PROBLEM TO SOLVE: Once the line with "- Черная накидка-худи" has been located in the records below, set down that line and all subsequent lines exactly, omitting the pictures.

Saved entries
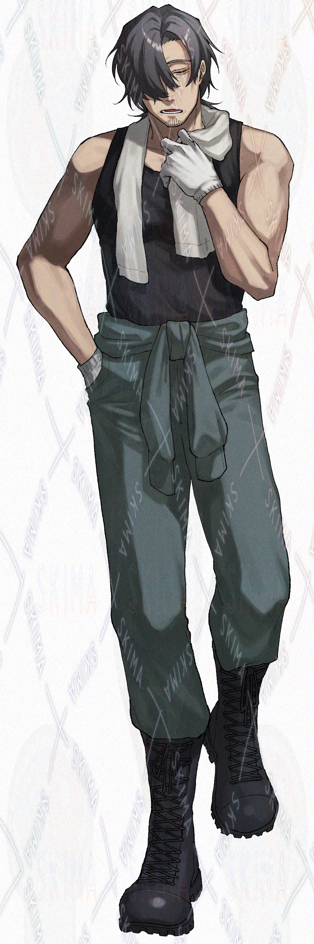 こちらはツナギを着た気だるげそうな男性キャラの立ち絵イラストです。
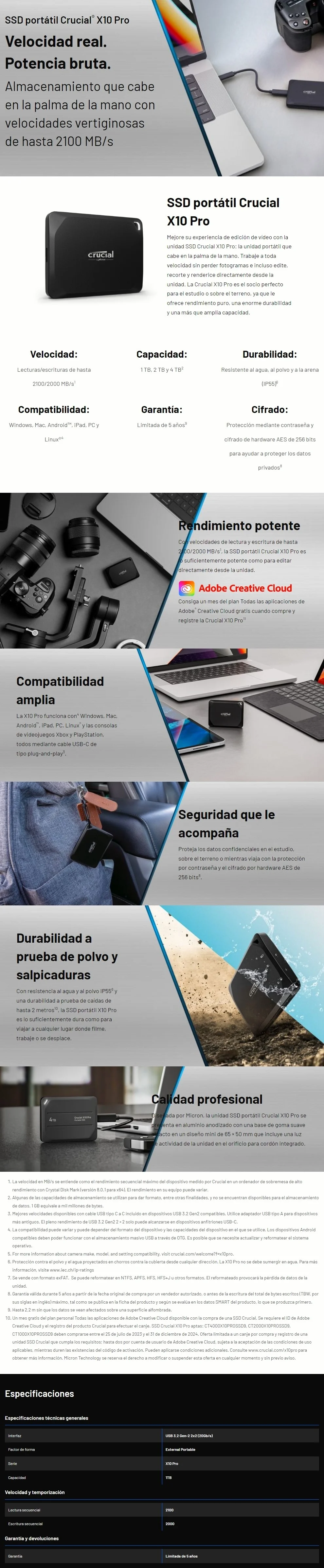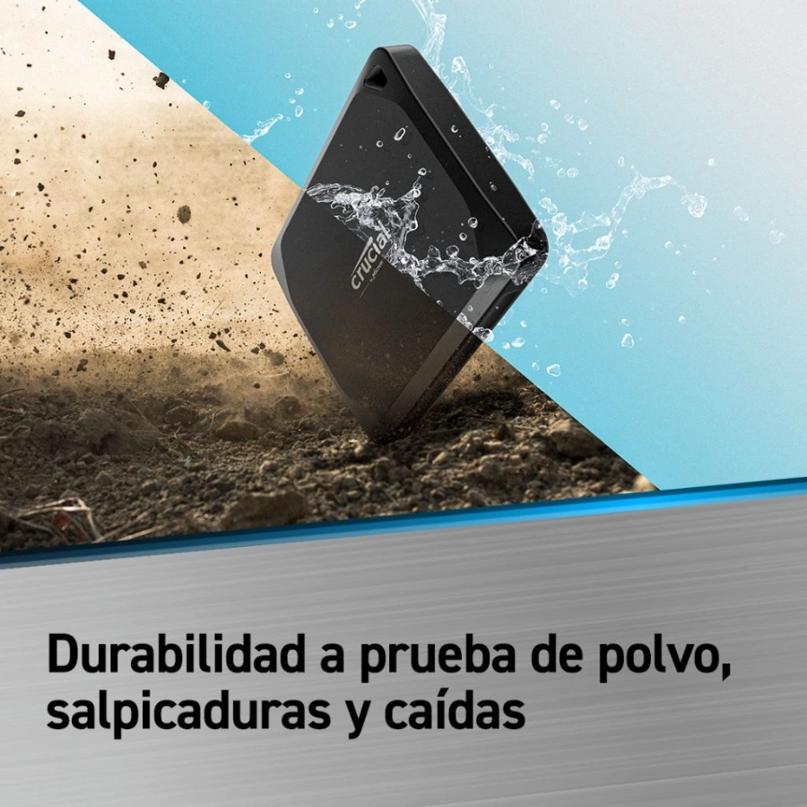 SSD Externo CRUCIAL X10 Pro 1TB / Hasta 2100 MB/s / Certificación IP55 / Resistencia Al Agua Y Al Polvo / USB 3.2 Gen-2 2×2 (20Gb/s)
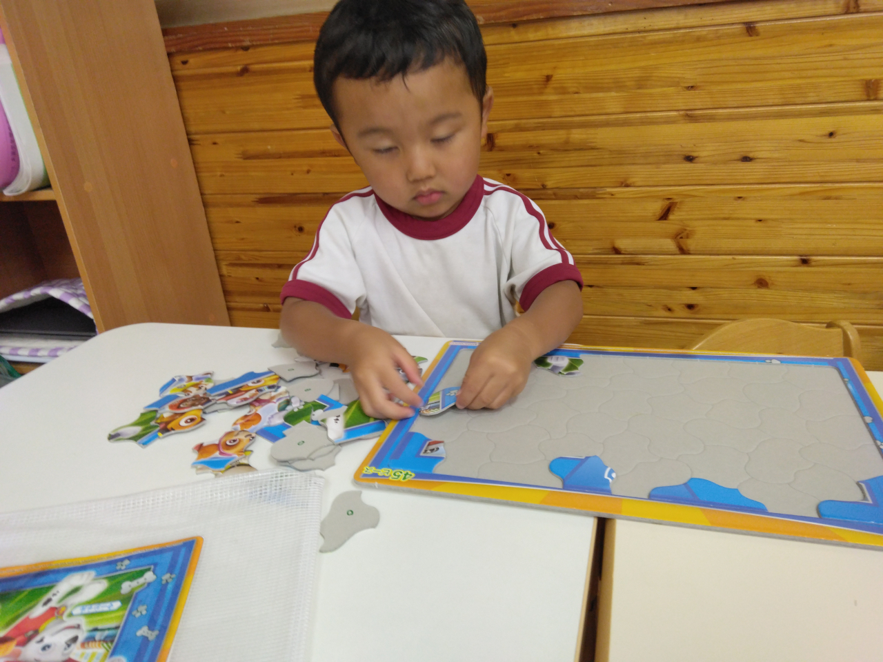 そしてパズルも大人気ピースが多いものにも挑戦し、完成すると大満足の表情です
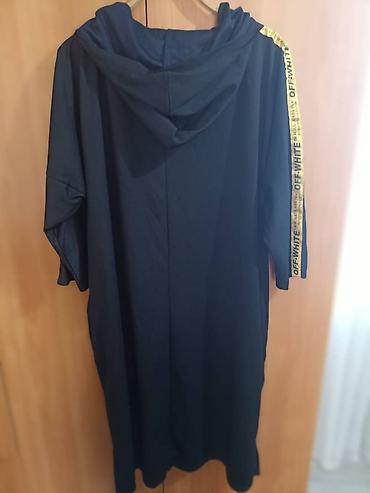 - Черная накидка-худи оверсайз длины миди, спущенная линия плеча, рукав до локтя.
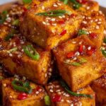 This Spicy Crispy Tofu recipe delivers perfectly golden, crunchy tofu cubes coated in a flavorful, spicy glaze. With a balanced mix of heat from sriracha and chili flakes, sweetness from maple syrup, and tang from rice vinegar, it’s an easy and delicious plant-based dish perfect for a quick lunch or dinner. Served garnished with sesame seeds, green onions, and fresh cilantro, this tofu can be enjoyed on its own or paired with rice and vegetables for a complete meal.
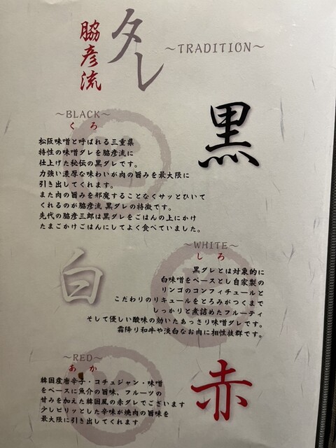 濃厚な味わいの黒ダレ、白味噌ベースのフルーティーな白ダレ、コチュジャンや味噌ベースの赤ダレ
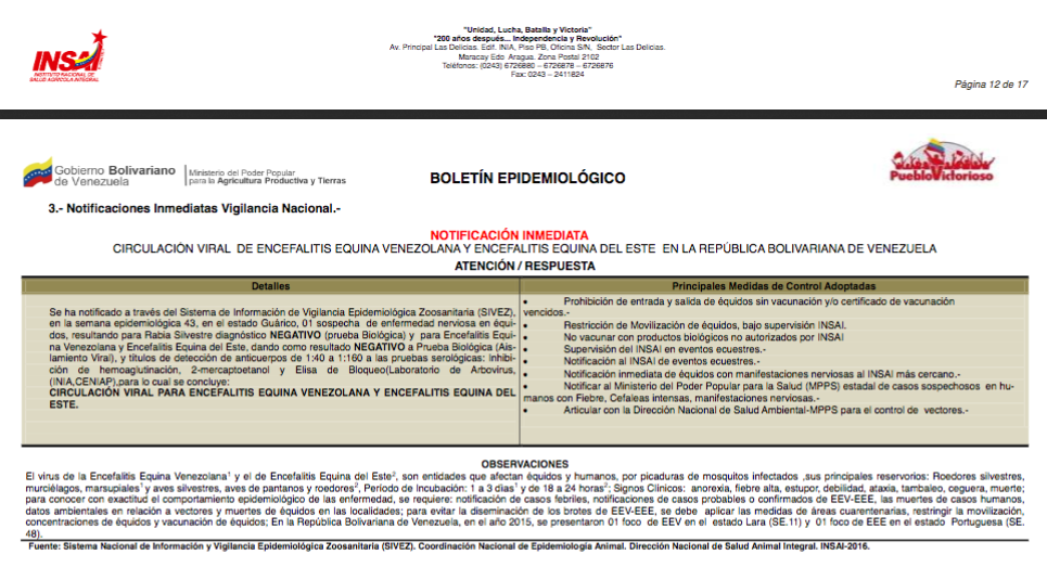 Otra discrepancia entre los datos presentados por el ministerio y las informaciones que se conocieron durante el año pasado está la relacionada con la encefalitis equina. La Sociedad Venezolana de Salud Pública alertó que en el último trimestre de 2016 se presentaron casos de enfermedad neurológica en équidos en Barinas, Guárico y Merida.
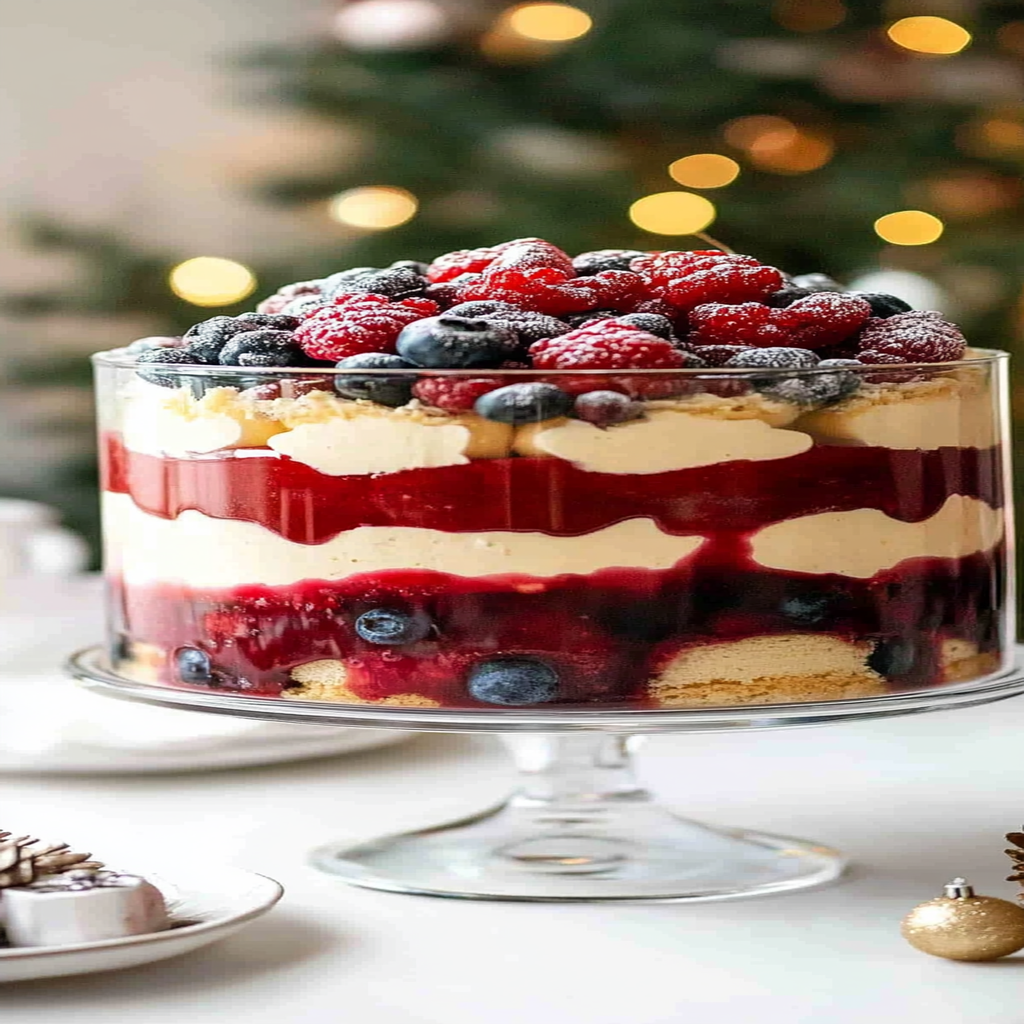 This Christmas Festive Trifle features layers of creamy vanilla custard, mixed berries, and fluffy whipped cream, creating a stunning dessert that dazzles at holiday gatherings.

RESULT OF THE EXERCISE:
 - Черная накидка-худи оверсайз длины миди, спущенная линия плеча, рукав до локтя.
 This Spicy Crispy Tofu recipe delivers perfectly golden, crunchy tofu cubes coated in a flavorful, spicy glaze. With a balanced mix of heat from sriracha and chili flakes, sweetness from maple syrup, and tang from rice vinegar, it’s an easy and delicious plant-based dish perfect for a quick lunch or dinner. Served garnished with sesame seeds, green onions, and fresh cilantro, this tofu can be enjoyed on its own or paired with rice and vegetables for a complete meal.
 濃厚な味わいの黒ダレ、白味噌ベースのフルーティーな白ダレ、コチュジャンや味噌ベースの赤ダレ
 Otra discrepancia entre los datos presentados por el ministerio y las informaciones que se conocieron durante el año pasado está la relacionada con la encefalitis equina. La Sociedad Venezolana de Salud Pública alertó que en el último trimestre de 2016 se presentaron casos de enfermedad neurológica en équidos en Barinas, Guárico y Merida.
 This Christmas Festive Trifle features layers of creamy vanilla custard, mixed berries, and fluffy whipped cream, creating a stunning dessert that dazzles at holiday gatherings.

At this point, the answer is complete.